Suatu ketika, untuk memetik buah untuknya, dia pergi jauh ke dalam hutan di gunung belakang keluarga Ye dan hampir kehilangan nyawanya.
……
Saat ia mengingat masa lalu, kesedihan dan kegelisahan yang menyelimuti hati Ye Liuli semakin intens. Ia takut tidak akan mampu menanggung rasa bersalah jika sesuatu terjadi pada Kakaknya, Ye Chen.
“Nyonya, Anda harus kembali ke Alam Atas cepat atau lambat — Anda ditakdirkan untuk menjadi Phoenix yang akan melayang ke Surga Kesembilan! Ye Chen mungkin bahkan tidak akan mencapai Alam Dewa Palsu dalam kehidupan ini, jadi saya harus menasihati Anda untuk…”
Wanita paruh baya bernama Bibi Xue tak kuasa menahan diri untuk mencoba membujuk Nona Muda tersebut.
Menurutnya, bocah bernama Ye Chen itu bukanlah orang baik. Dia adalah bajingan pengkhianat dan licik yang telah belajar menipu gadis-gadis polos sejak usia muda.
Hanya para talenta muda dan tampan dari Alam Atas yang cocok untuk menjadi Nona Muda.
Di sisi lain, Ye Liuli menggelengkan kepalanya dan menjawab dengan nada tegas, “Bibi Xue, kau tak perlu bicara lagi. Aku tahu kalian semua meremehkan Kakak Ye Chen, tapi aku percaya padanya! Dia pasti akan melambung ke Surga di masa depan.”
“Aku masih ingat apa yang dia katakan: ‘Sungai itu mengalir tiga puluh tahun ke Timur, dan kembali tiga puluh tahun ke Barat! Jangan berani-beraninya kau menindasku hanya karena aku sedang terpuruk sekarang!’ ” [1]
Bibi Xue merasa tak berdaya dan tidak tahu bagaimana lagi cara membujuk Nona Mudanya.

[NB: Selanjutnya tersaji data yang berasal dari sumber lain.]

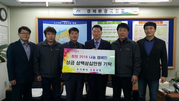[¾Æ»ê/ctn]ÇѼºÁø ±âÀÚ = ¢ß¿ì·æ½Ç¾÷(´ëÇ¥ ÀÌÈ«¿±) Á÷¿ø Àϵ¿Àº Áö¿ª º¹Áö Çâ»óÀ» À§ÇØ Áö³ 9ÀÏ ¾Æ»ê½Ã¸¦ ã¾Æ ¼º±ÝÀ» Àü´ÞÇß´Ù.
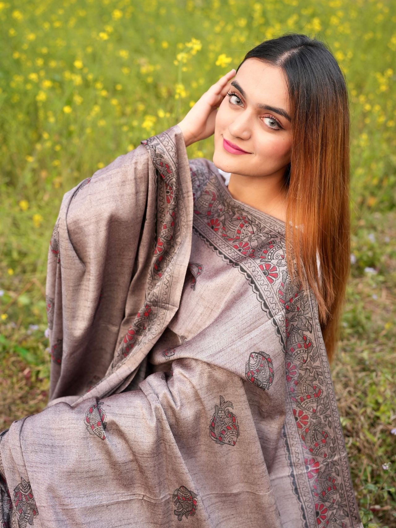 “Matsya” is a celebration of one of the most sacred symbols of Mithila art — the fish, revered as an emblem of prosperity, fertility, and divine abundance. Hand-painted in authentic Madhubani style, this dupatta features gracefully flowing Matsya motifs across the body, framed by intricately detailed traditional borders. Rendered in a refined palette of earthy neutrals, deep blacks, and rich reds, the artwork reflects centuries-old Mithila aesthetics while maintaining a sophisticated, contemporary elegance. Each stroke is carefully crafted by skilled artisans who preserve the traditional techniques passed down through generations. The dupatta drapes effortlessly, making it a versatile piece that complements both festive ensembles and heritage-inspired contemporary wear. “Matsya” is not just an accessory — it is a wearable expression of culture, symbolism, and refined Indian artistry.
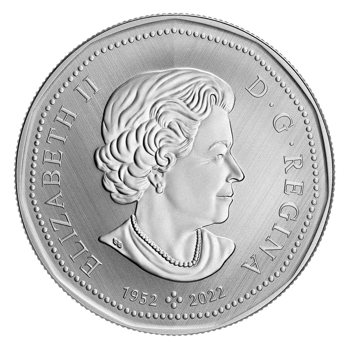 A numismatic tribute to Canada’s $1 circulation piece, this all-silver coin features Robert-Ralph Carmichael’s now-iconic “loon” design on its reverse, along with the “W” (Winnipeg) mint mark. The obverse features the effigy of Queen Elizabeth II by Susanna Blunt. The obverse also bears a special marking that includes four pearls symbolizing the four effigies that have graced Canadian coins and the double date of her reign.
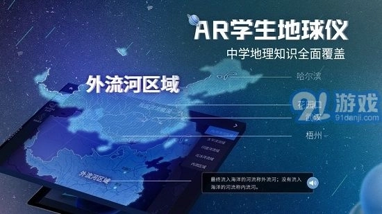 3.借助AR技术,把地球仪上的地理信息和真实场景融合起来,展现出立体且动态的视觉效果。
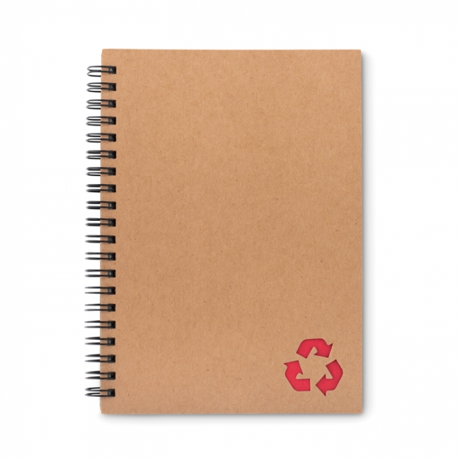 Bloc notes cu spirală, cu 70 de coli de hârtie din piatră și copertă din carton reciclat. Hârtia din piatră este realizată din piatră naturală - carbonat de calciu, calcar și plastic din HDPE.
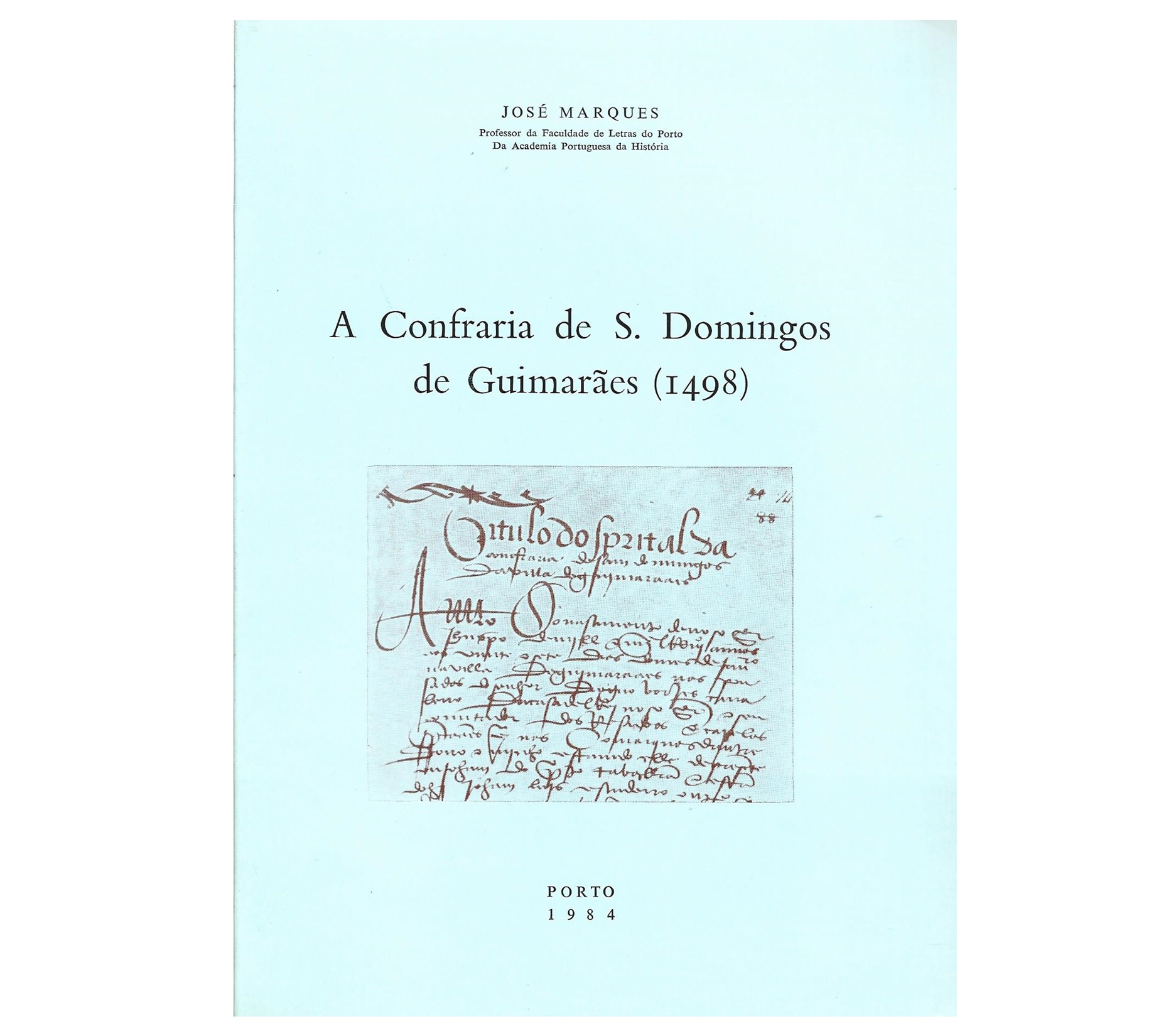 MARQUES, JOSÉ (1984) A CONFRARIA DE S. DOMINGOS DE GUIMARÃES (1498). PORTO: [S.N.] (BRAGA: -- GRÁF. LIVR. CRUZ). DE 24X17 CM. COM 45 PÁGS. B.

Dia memutuskan untuk tidak terlalu memikirkan masalah ini. Begitu Nona Mudanya bertemu dengan para jenius dari Alam Atas, dia akan menyadari bahwa Ye Chen yang biasa-biasa saja bukanlah apa-apa dibandingkan mereka.
‘Sungai itu mengalir selama tiga puluh tahun ke Timur, dan kembali selama tiga puluh tahun ke Barat! Jangan berani-beraninya kau menindasku hanya karena aku sedang terpuruk sekarang!’ — katanya?
Namun bagaimana jika sungai itu mengalir selama tiga puluh ribu tahun?
Sebagian orang dilahirkan untuk berada di atas yang lain, tak pernah bisa disusul oleh mereka yang berada di bawahnya.
“Bibi Xue, mari kita pergi menemui Tuan Muda yang disebut-sebut berasal dari Alam Atas itu. Aku akan menyerahkan pelayan Alam Dewa Palsunya kepadamu.”
Ekspresi Ye Liuli berubah sedingin gletser, dan dia memberikan perintahnya. Dia akan pergi ke Keluarga Lin Kuno dan berurusan dengan ‘Tuan Muda’ itu untuk membalaskan dendam atas kematian Kakaknya, Ye Chen.
— — — — — —
[CATATAN KAKI]
[1]: Artinya takdir seseorang tidak akan tetap sama sepanjang hidupnya. Jika seseorang sedang terpuruk sekarang, mereka mungkin saja mencapai puncak dunia besok, jadi jangan menindas mereka hari ini, jangan sampai mereka menghancurkanmu besok.